Radiographic diagnosis is of limited value for diagnosing acute appendicitis, except in occasional circumstances when an appendicolith or other ancillary findings are identified. Although barium enema has been used historically to diagnose appendicitis, it depends on the negative finding of nonvisualization of the appendix and may be quite uncomfortable in patients with acute appendicitis. Nonetheless, barium small-bowel follow-through or barium enema may be useful following cross-sectional imaging studies, for other causes of right lower quadrant pain, including suspected small- bowel obstruction, infectious ileitis, and inflammatory bowel disease. (See the NGC summary of the ACR Appropriateness Criteria® on Suspected Small Bowel Obstruction.)

Computed Tomography and Ultrasound

Computed tomography (CT) is the most accurate study for evaluating patients without a clear clinical diagnosis of acute appendicitis. In a meta-analysis of six prospective studies through February 2006 of the accuracy of CT and ultrasound (US) in adolescents and adults, CT demonstrated superior sensitivity (91%, 95% confidence interval [CI], 84% to 95%) and specificity (90%; 95% CI, 85% to 94%) versus US (sensitivity 78%; 95% CI, 67% to 86%; specificity 83%, 95% CI, 76% to 88%). The results of investigations of CT showed consistent results across all studies and institutions, while US investigations demonstrated heterogeneity, suggesting greater dependence on operator skill. Small studies suggest that thinner slices and multiplanar reformats increase confidence in identifying the appendix.

The routine use of CT to evaluate for appendicitis has also been shown to decrease overall costs by $447 to $1,412 per patient, and has been shown to decrease the negative appendectomy rate from 42.9% to 7.1% among women aged 18 to 45 years. While it has been suggested that perhaps nonpregnant females of child-bearing age be worked up with a different imaging algorithm due to increased possibility of alternative diagnoses to appendicitis, such as gynecological etiologies, no studies have directly addressed this issue to a sufficient degree.
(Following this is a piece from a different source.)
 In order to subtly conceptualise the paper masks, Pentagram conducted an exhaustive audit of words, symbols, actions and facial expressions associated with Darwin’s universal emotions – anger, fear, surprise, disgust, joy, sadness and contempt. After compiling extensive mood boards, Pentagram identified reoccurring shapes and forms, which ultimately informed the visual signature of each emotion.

Clinical accuracy in diagnosing right lower quadrant pain in women of child-bearing age tends to be less accurate compared with adult men, thereby suggesting a lower threshold for imaging in this population.

Another question is whether to use intravenous (IV) contrast in the CT evaluation of appendicitis. High accuracy has been reported for both techniques, but the few direct comparisons available in the literature suggest higher accuracy when IV contrast is used. A prospective study with 232 patients showed that noncontrast enhanced CT (sensitivity, 90%; specificity, 86%) was inferior to rectal-only contrast (sensitivity, 93%; specificity, 95%) and IV and oral contrast (sensitivity, 100%; specificity, 89%). In lieu of individual patient contraindications to IV contrast, its use is recommended in evaluation of right lower quadrant abdominal pain. However, if IV contrast is contraindicated, noncontrast enhanced CT has been shown to have sensitivity of 96%, specificity of 99%, and accuracy of 97%.
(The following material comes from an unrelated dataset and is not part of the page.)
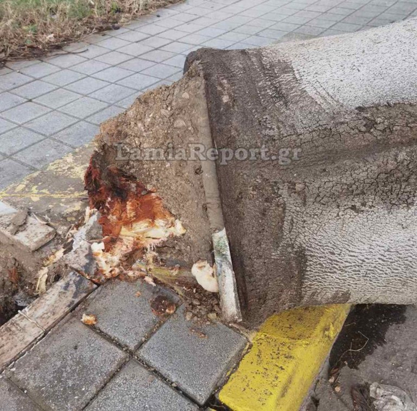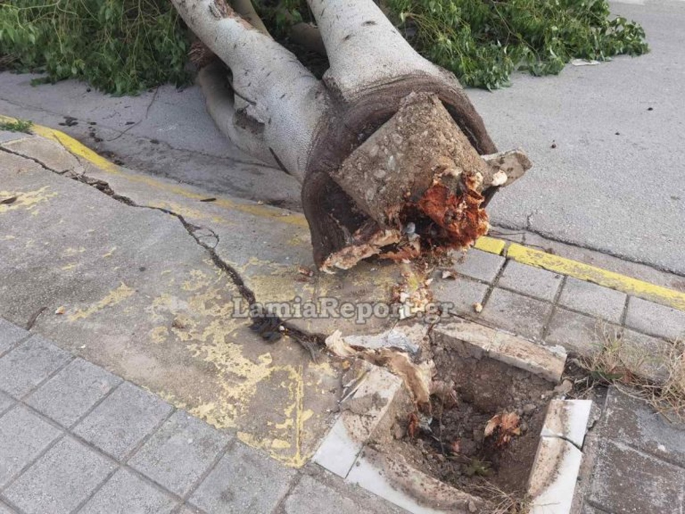 Το δέντρο κόπηκε από τη ρίζα επί της οδού Ταϋγέτου και βρέθηκε στο οδόστρωμα λίγα λεπτά πριν τις 15:30’ εξαιτίας του δυνατού αέρα, όπως αναφέρει το τοπικό μέσο lamiareport.gr.

Other questions regarding CT protocol include the use of oral versus rectal contrast. A recent study has shown similar sensitivity and specificity for detection of acute appendicitis on 64-row multidetector CT (MDCT) with or without oral contrast performed with intravenous contrast. The use of rectal contrast has been shown to decrease the emergency department stay by greater than one hour in one prospective study, without a significant difference in patient satisfaction or discomfort. There is concern, however, that rectal contrast can be complicated by bowel perforation, with a cited number similar to barium enema of 0.04%. To the guideline panel's knowledge, no prospective comparison studies evaluating the two are available in the literature. Institutional experience may be the best determinant of oral versus rectal contrast use.

Both CT and US may be effective in detecting causes of pain unrelated to appendicitis. The range of diseases studied includes inflammatory bowel disease, infectious bowel disease, small-bowel obstruction, acute gynecological conditions, and others.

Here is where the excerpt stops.